# Hepworth Refractories (main site), Loxley, South Yorksshire, December 2019



## HughieD (Jan 16, 2020)

*1. The History*
The site, known as Storr’s Bridge Works, was last occupied by Hepworth Refractories, a former brick factory located, in the Loxley valley, north-east of Sheffield. It also home to Carblox in the 70s, part of the Marshalls group, who made carbon blocks of different sizes for steel furnaces.

The site has been an area for industry since the 17th century. Initially home to Loxley Steel works, the Green Wheel Steel works and two rolling mills – the Green Wheel and Olive rolling mills, the valley was totally decimated by the Great Flood of 1864. Now only the mill pond areas remain. The area has been a source of ganister (a type of sandstone which was prevalent in the Loxley area) since Victorian times. It was a key material in the manufacture of ‘hollow refractories’ - bricks that were used to line the walls of furnaces in the production of steel. Mining and the production of refractory bricks began in the late 1800s. In the 1930s there were a total of three firms in the Loxley Valley (Dysons, Thomas Marshall’s and Thomas Wragg and Sons) producing hollow refractories and, between them, they supplied 95% of all the hollow refractories produced in Great Britain. 

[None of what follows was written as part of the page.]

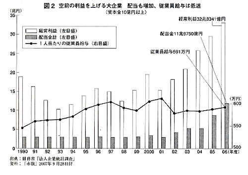| 図2.空前の利益を上げる大企業 配当も増加、従業員給与は低迷 |

When war broke out in 1939, the industry became vital to the war effort, and if the Germans had bombed the Loxley Valley successfully, the war would have been over very quickly. As a consequence, there was a gun site on Wood Lane, Stannington, which shot down several Luftwaffe planes during the Sheffield Blitz. 

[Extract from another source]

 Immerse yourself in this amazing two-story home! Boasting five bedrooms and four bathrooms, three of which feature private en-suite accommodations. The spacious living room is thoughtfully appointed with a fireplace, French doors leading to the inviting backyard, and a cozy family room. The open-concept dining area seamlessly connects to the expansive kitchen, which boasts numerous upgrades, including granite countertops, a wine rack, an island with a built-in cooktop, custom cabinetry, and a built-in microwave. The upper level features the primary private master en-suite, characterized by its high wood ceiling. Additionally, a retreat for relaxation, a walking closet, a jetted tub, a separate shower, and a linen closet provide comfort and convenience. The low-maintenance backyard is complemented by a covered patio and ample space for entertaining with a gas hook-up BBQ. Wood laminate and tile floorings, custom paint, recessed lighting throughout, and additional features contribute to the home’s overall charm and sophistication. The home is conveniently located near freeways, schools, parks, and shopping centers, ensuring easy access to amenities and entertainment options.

View of the River Loxley at Storrs Bridge Works in the 1960s:


River Loxley at Storrs Bridge Works, Loxley nr Sheffield (1960s).

Hepworth’s closed in the 1990s and the site fell into abandonment. However, in 2006 the site was bought by Bovis Homes with a view to building 500 new homes on the site. That was then defeated by local opposition, who objected on the grounds that the local area’s infrastructure could not support this level of development. During this period, Bovis beefed up the security on the site with a solar-powered CCTV and a speaker system along with a resident guard. In 2018 URBED were appointed by landowners Patrick Properties Ltd to help prepare a scheme that is “not a bog standard housing development” as this is more likely to get past Sheffield City Councils planning requirements.

*2. The Explore*
Can’t really explain why it’s taken me so long to explore this place. For quite a while it did have live secca on site but they’ve now gone. It has got a number of reports on here but they dried up circa 2010. A few more have been appearing recently. Currently it’s an easy in and there is quite a lot to see, albeit a bit on the derpy side. On the plus side though in the last few years a number of nice pieces of graff have appeared. Really enjoyed my wander round here and got a reasonable set of pictures.

*3. The Pictures*

One of the first things you notice is this old chimney:


img4599

In we go:


Loxley 01


img4529 


img4594


img4595 

Probably not going up that. Respect to @tarkovsky who did on their visit!


img4589

Forest in a factory:


Loxley 02 


img4556 

The remains of the solar-powered secca gear:


img4554 

And another bit of Brayk:


Loxley 03 


img4579 

Probably my fave bit of graff on the whole site:


Loxley 04 

This place was totally empty:


img4578

Some nice graff in the one next door. Nice bit of Colorquix here:


img4565 


img4563 


img4573bw

Can’t remember this artist’s name:


img4570 


img4569 

More Brayk:


img4571 


img4585 

Definitively not!


img4586

Cool signage:


img4582

This big long building was also totally empty:


img4561 


img4558 


img4553 

Another artist I’ve not come across before:


img4544 

And one last bit of Brayk:


Loxley Valley factories 25 


img4548


----------



## Hague (Aug 1, 2021)

As a child I used to visit Marshall brickwork by walking through the woods from our cottage in Storrs, to visit my dad who worked there this was early 60s, if you went straight through you could walk through a corn field and up the hill and get to the bottom of Rodney hill, did this to visit my grandma who lived on Normandale Ave, thank you for the pics brought many happy times to mind


----------



## Wrench (Aug 1, 2021)

Hague said:


> As a child I used to visit Marshall brickwork by walking through the woods from our cottage in Storrs, to visit my dad who worked there this was early 60s, if you went straight through you could walk through a corn field and up the hill and get to the bottom of Rodney hill, did this to visit my grandma who lived on Normandale Ave, thank you for the pics brought many happy times to mind


Thanks for the info and welcome to the forum


----------